This characteristic poses a major operational challenge. To avoid degraded service during routine maintenance, i.e. Windows or Exchange updates, we’d only be able to work on 2 servers at a time, 1 in the primary datacenter and 1 in the secondary. Each server would need to be taken out of service updated to completion, then put back in service. Then repeating the sequence again for each server.

To further illustrate the impact, I’ll draw a comparison to the previous Exchange 2010 & 13 environments and procedures I was working with. Those DAGs only had 1 DB per volume and were arranged in an odd/even pattern. For example, DB001 – 024 had primary/secondary copies on ExSrv-01/02 respectively. That layout would’ve looked something like below:

Legacy 2013 DB layout.

Note: This is a contrived image. It didn’t come from an actual calculator exercise and is only meant for illustration.

This design was inherited from Exchange 2010 where only 1 DB per volume was supported. It worked well and was reused for Exchange 2013, which ran on similar hardware. This allows for 2 servers per site to be taken out of service at the same time. Again, in an odd/even pattern Servers 1 & 3 would move their DBs to 2 & 4 respectively. The process was then reversed in order to update servers 2 & 4. Updates could be run concurrently on twice as many servers compared to the new Exchange 2019 design.

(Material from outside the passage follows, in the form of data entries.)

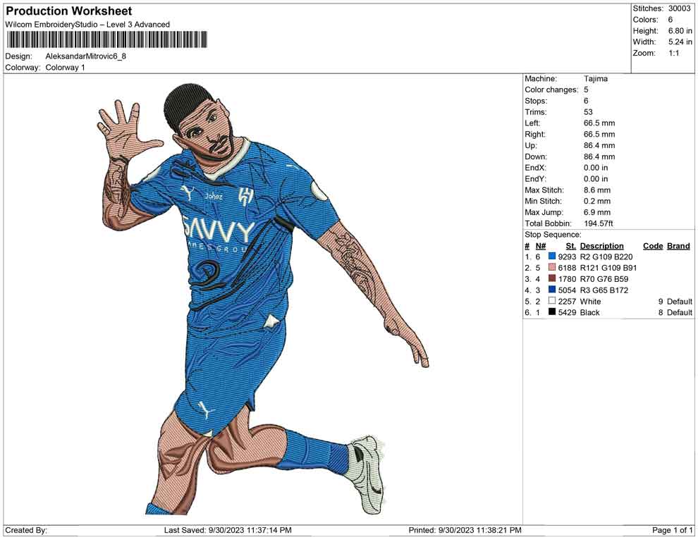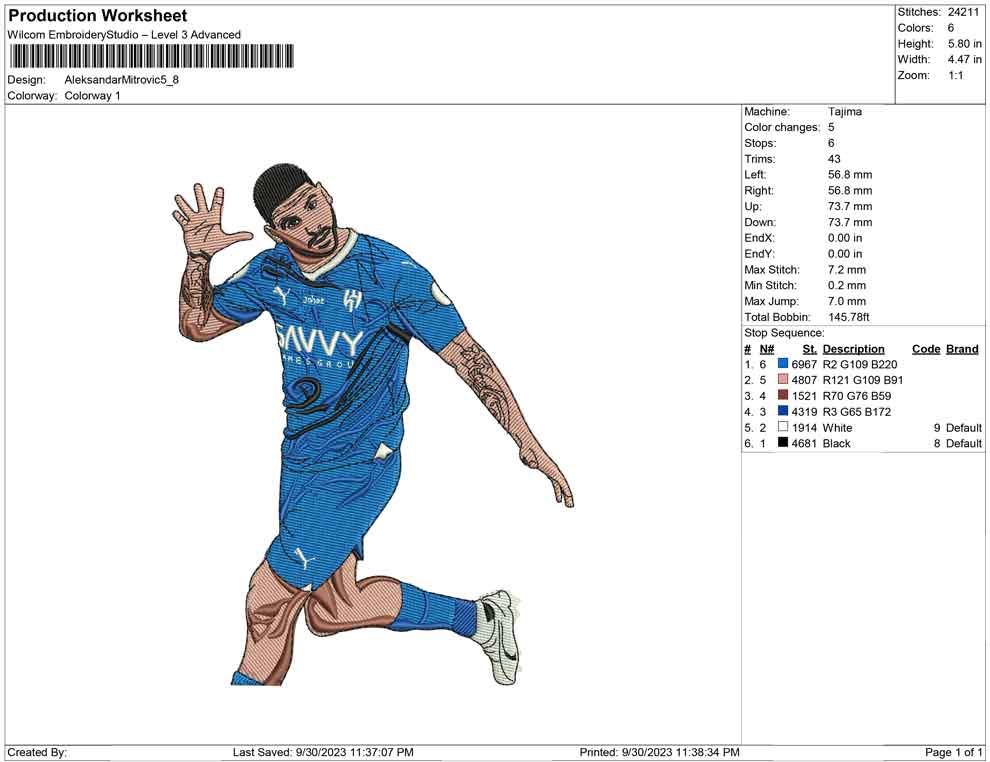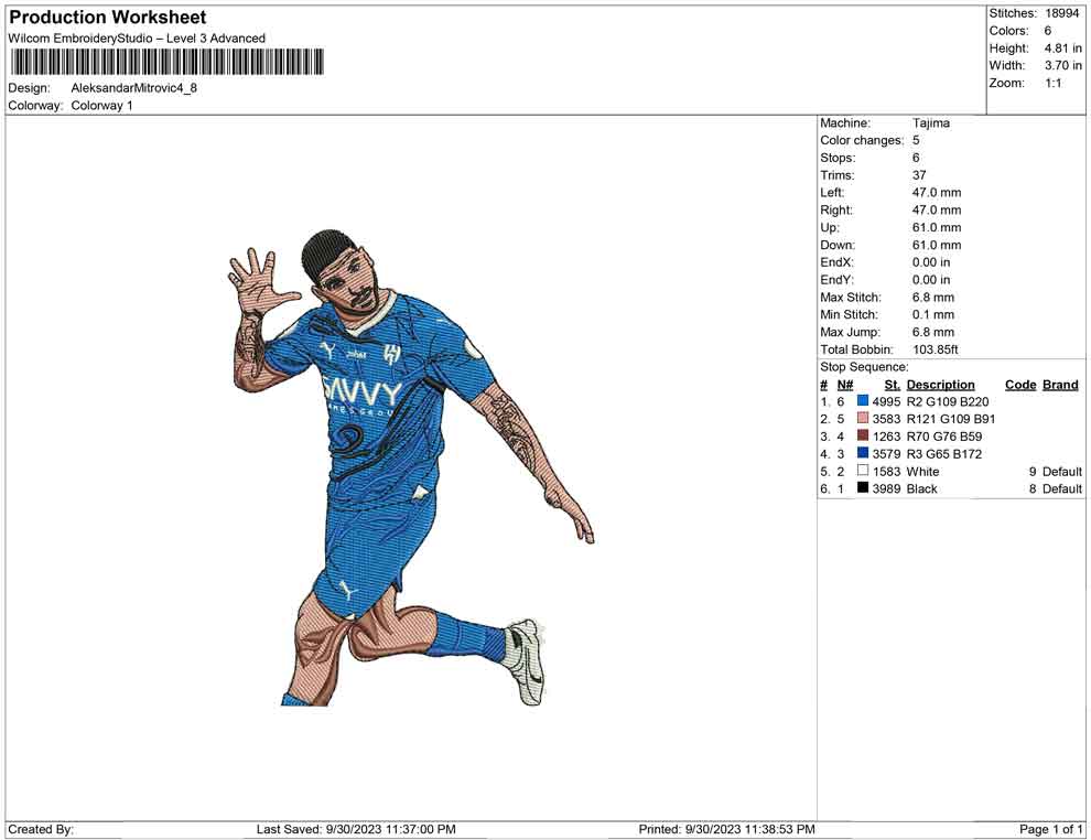 Aleksandar Mitrovic embroidery design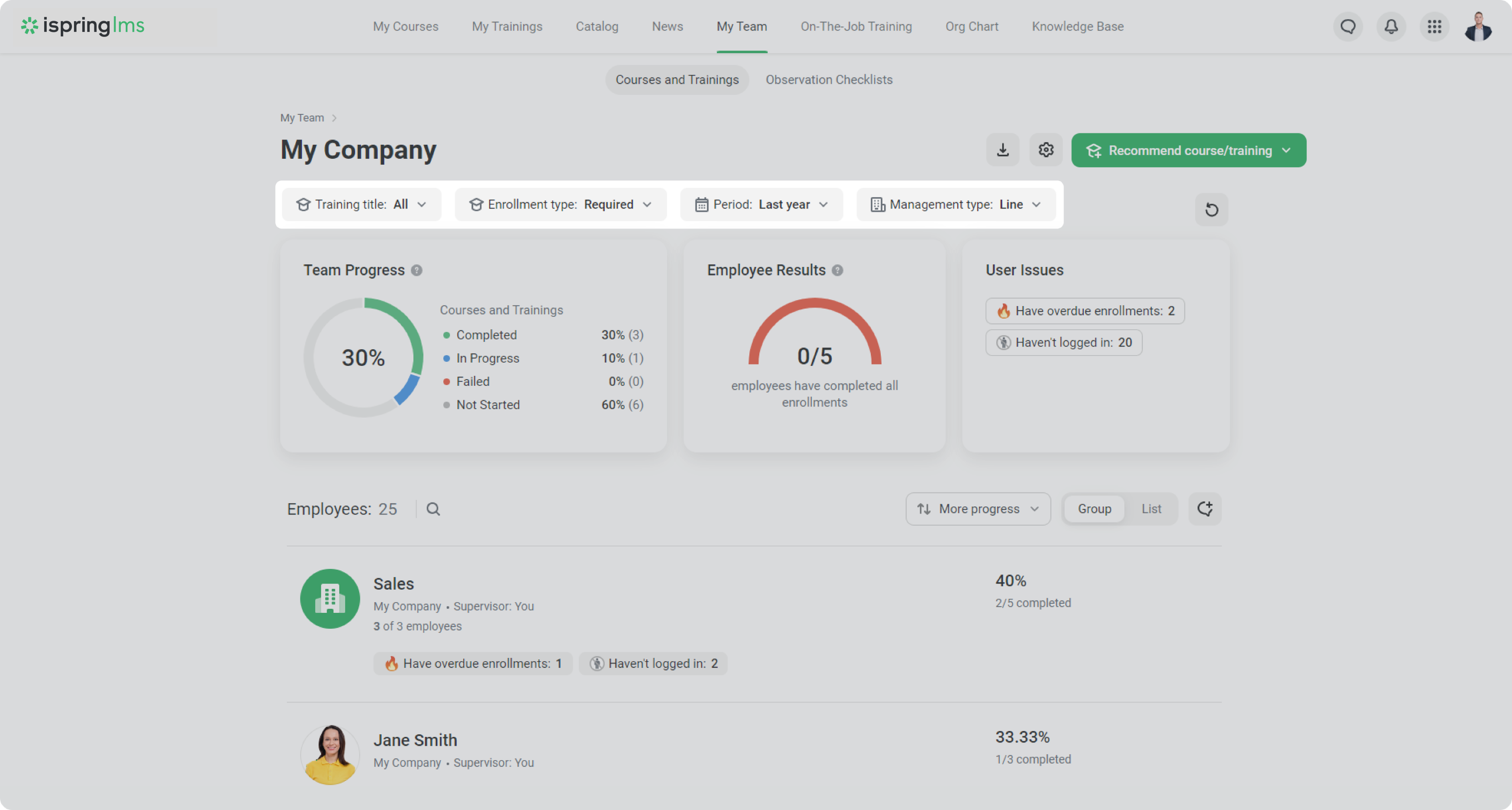 - Enrollment type filters courses assigned by administrators, supervisors, or those which employees chose for themselves.
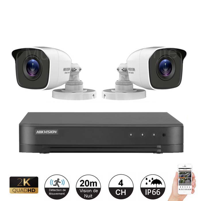 Ces 2 caméras bullet Hikvision de la série HiWatch convient à une utilisation en intérieur. La résolution HD 4Mp (2560×1440), garantit des images de caméra nettes. Grâce à l’objectif de 2,8 millimètres, la caméra a un grand angle de vision de 103 degrés. La caméra peut être utilisée dans quatre techniques : CVI, TVI, analogique et AHD. Dans l’obscurité, la caméra passe en éclairage infrarouge. La vision nocturne atteint jusqu’à vingt mètres. L’appareil photo a plusieurs fonctions qui garantissent que vous avez toujours des images utilisables de bonne qualité. Vous pouvez monter le dôme sur un plafond ou un mur. La caméra Hikvision est de petite taille et ne peut être utilisée qu’à l’intérieur. A cela s’ajoute un enregistreur numérique full HD de 1080P pour 4 caméras avec 25 images par seconde et par caméra. Que vous vous situez en France ou a l’étranger il est possible de visualisé en direct et a distance a partir d’un smartphone, tablette ou pc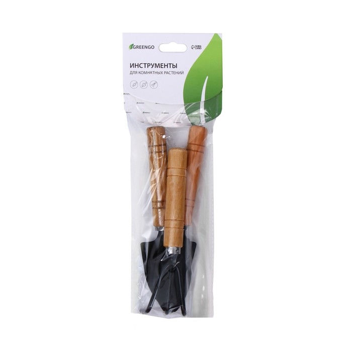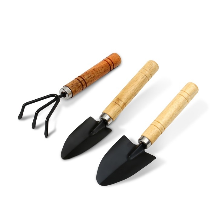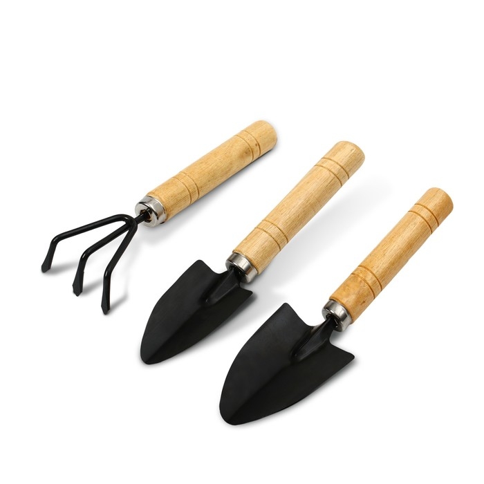 Набор садового инструмента, 3 предмета: грабли, 2 лопатки, длина 24 см, деревянные ручки, Greengo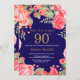 Röd Blommigt Överraskning 90:e födelsedagsinbjudan till kvinnor. Vattenfärgad botanisk Blommigt blomma. Guld Glitter. Rosa Peonies Blommigt Flowers. Vuxen Birthday. Blåbakgrund. Om du vill göra ytterligare anpassningar klickar du på knappen "Anpassa" och användor verktyg som är utformat för att ändra mallen.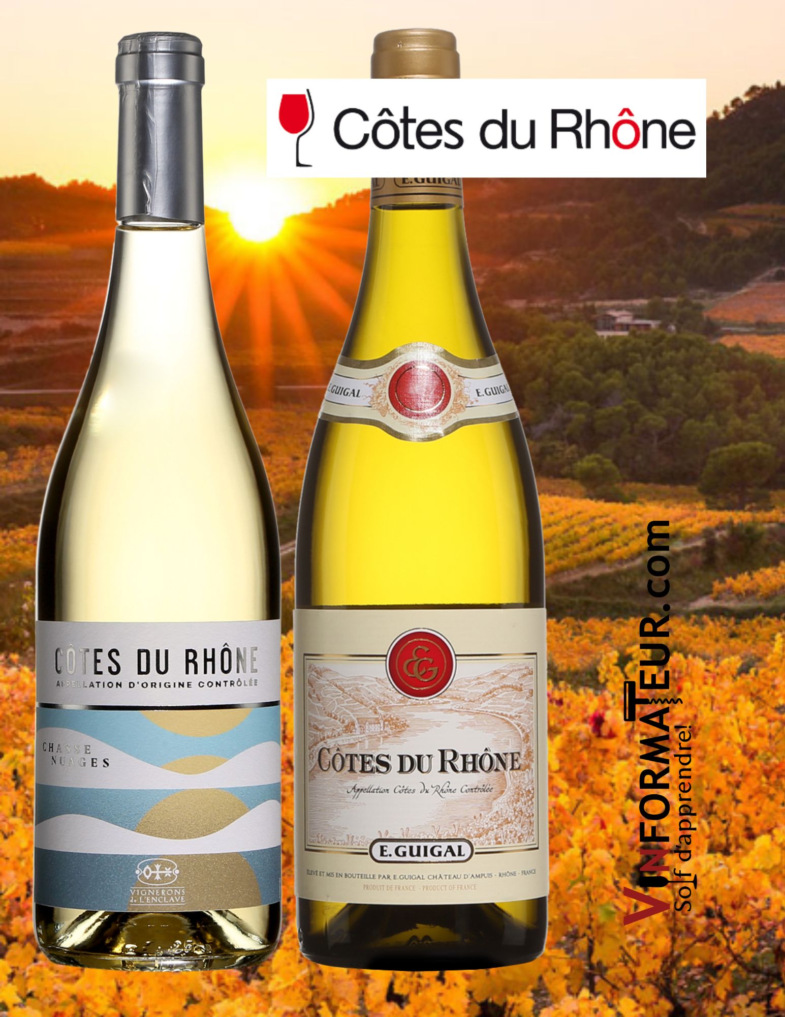 ‘’Dans la vallée du Rhône la proportion de vins blancs n’est à peine que de 7%. Ce n’est pas beaucoup. Nous on y produit beaucoup de vins blancs sans doute parce qu’on est de bons producteurs de Condrieu et du coup on produit beaucoup de Côtes du Rhône blancs ce qui représente 25% de la production de la maison. Pour le Côtes-du-Rhône, le cépage principal c’est le Viognier mais on l’assemble avec du Grenache blanc et de la Clairette. C’est un vin qui n’a eu aucun élevage. Que des cuves inox. On a ce côté exubérant, floral, de fruits frais, beaucoup de fraîcheur et acidité équilibrée’’.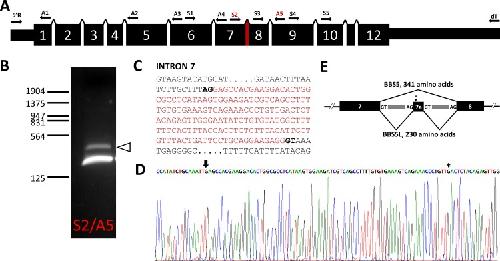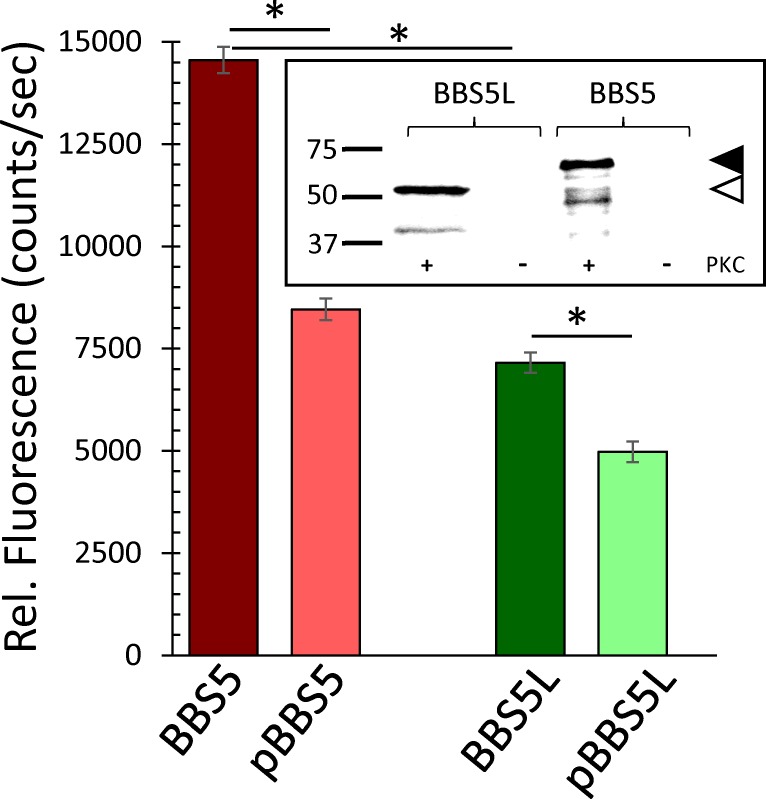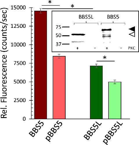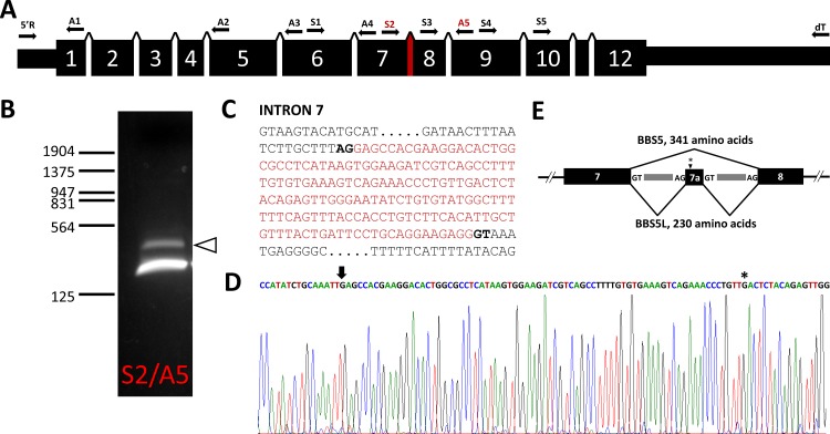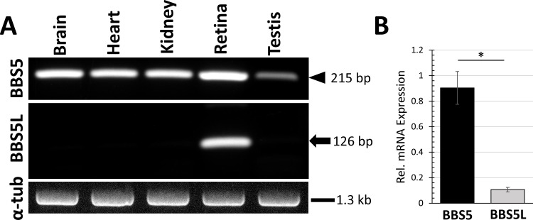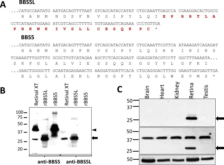 PURPOSE: Bardet-Biedl syndrome is a complex ciliopathy that usually manifests with some form of retinal degeneration, amongst other ciliary-related deficiencies. One of the genetic causes of this syndrome results from a defect in Bardet-Biedl Syndrome 5 (BBS5) protein. BBS5 is one component of the BBSome, a complex of proteins that regulates the protein composition in cilia. In this study, we identify a smaller molecular mass form of BBS5 as a variant formed by alternative splicing and show that expression of this splice variant is restricted to the retina. METHODS: Reverse transcription PCR from RNA was used to isolate and identify potential alternative transcripts of Bbs5. A peptide unique to the C-terminus of the BBS5 splice variant was synthesized and used to prepare antibodies that selectively recognized the BBS5 splice variant. These antibodies were used on immunoblots of tissue extracts to determine the extent of expression of the alternative transcript and on tissue slices to determine the localization of expressed protein. Pull-down of fluorescently labeled arrestin1 by immunoprecipitation of the BBS5 splice variant was performed to assess functional interaction between the two proteins. RESULTS: PCR from mouse retinal cDNA using Bbs5-specific primers amplified a unique cDNA that was shown to be a splice variant of BBS5 resulting from the use of cryptic splicing sites in Intron 7. The resulting transcript codes for a truncated form of the BBS5 protein with a unique 24 amino acid C-terminus, and predicted 26.5 kD molecular mass. PCR screening of RNA isolated from various ciliated tissues and immunoblots of protein extracts from these same tissues showed that this splice variant was expressed in retina, but not brain, heart, kidney, or testes. Quantitative PCR showed that the splice variant transcript is 8.9-fold (+/- 1.1-fold) less abundant than the full-length transcript. In the retina, the splice variant of BBS5 appears to be most abundant in the connecting cilium of photoreceptors, where BBS5 is also localized. Like BBS5, the binding of BBS5L to arrestin1 can be modulated by phosphorylation through protein kinase C. CONCLUSIONS: In this study we have identified a novel splice variant of BBS5 that appears to be expressed only in the retina. The BBS5 splice variant is expressed at approximately 10% of full-length BBS5 level. No unique functional or localization properties could be identified for the splice variant compared to BBS5.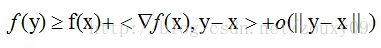 在直观的说明强凸之前,我们先看看普通的凸是怎样的。假设我们让f在x的地方做一阶泰勒近似(一阶泰勒展开忘了吗?f(x)=f(a)+f'(a)(x-a)+o(||x-a||).):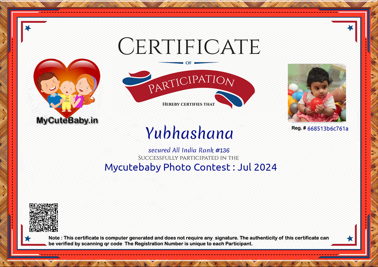 For participation in Mycutebaby's Monthly  contest ,  July 2024 .
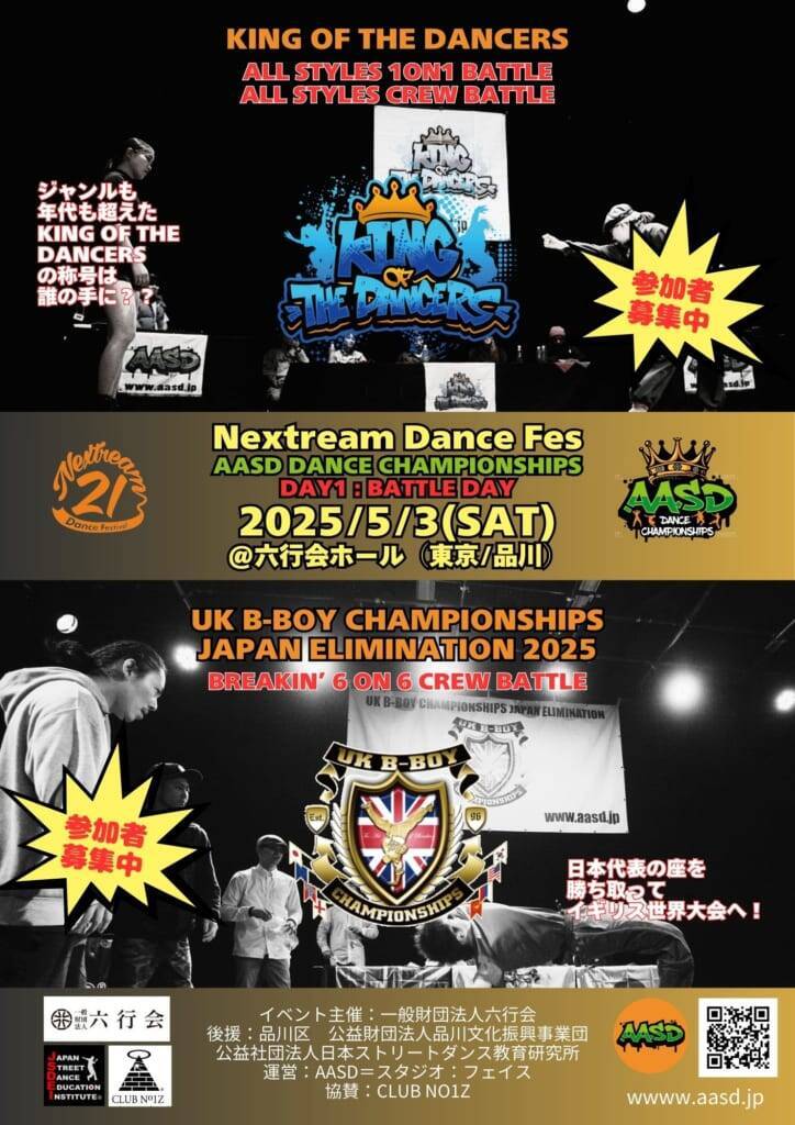 Nextream21 Dance Fesの一環として、AASD DANCE CHAMPIONSHIPが開催され、その初日となるDAY1のイベントにて、UK B-BOY CHAMPIONSHIPS JAPAN ELIMINATION 2025とKing Of The Dancersが同時に開催!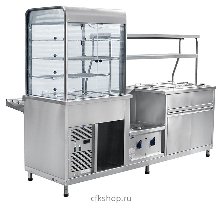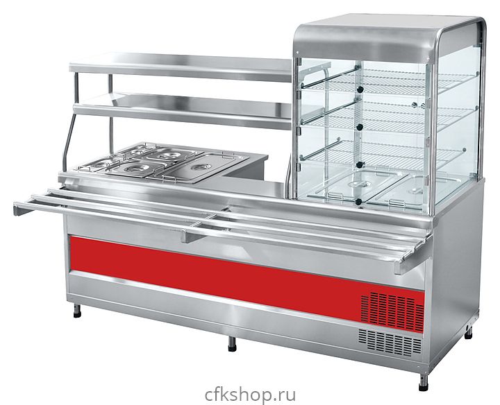 - Двойная полка над мармитом с подсветкой для выкладки блюд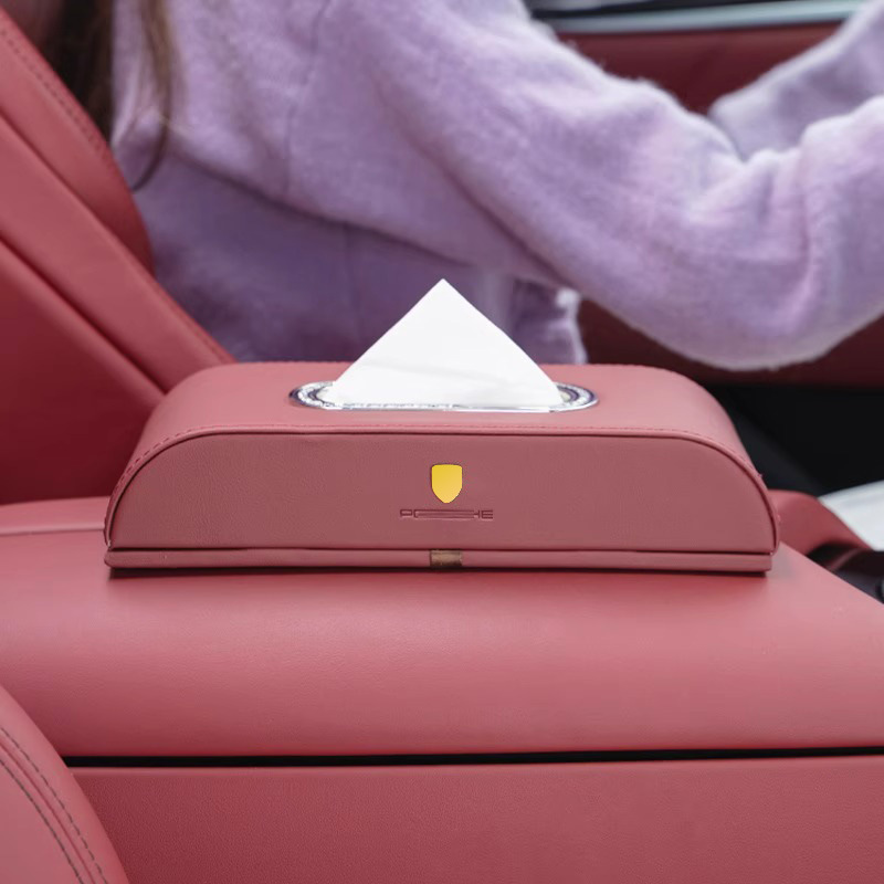 Cocok untuk Porsche Macan Bayan 718 Pa La Mera Taycan dekorasi interior kotak tisu mobil kotak tisu

Note: Reseed performance wasn’t a consideration in previous environments because the DB disks were mirrored , making reseeds rare.

Comparing the 2 scenarios, the maintenance cycle for the new Exchange 2019 environment was going to take at least twice as long as the old environment. In my view, this would substantially increase total cost of ownership (TOC) and cause a significant, albeit unquantifiable opportunity cost. Furthermore, considering the increased pace and urgency of Exchange security updates combined with quarterly CU’s and monthly Windows patching, investing still more time and manpower was unacceptable. I needed to find a new distribution, that could give us acceptable reseed performance, but mitigate or preferably eliminate the operational hindrance.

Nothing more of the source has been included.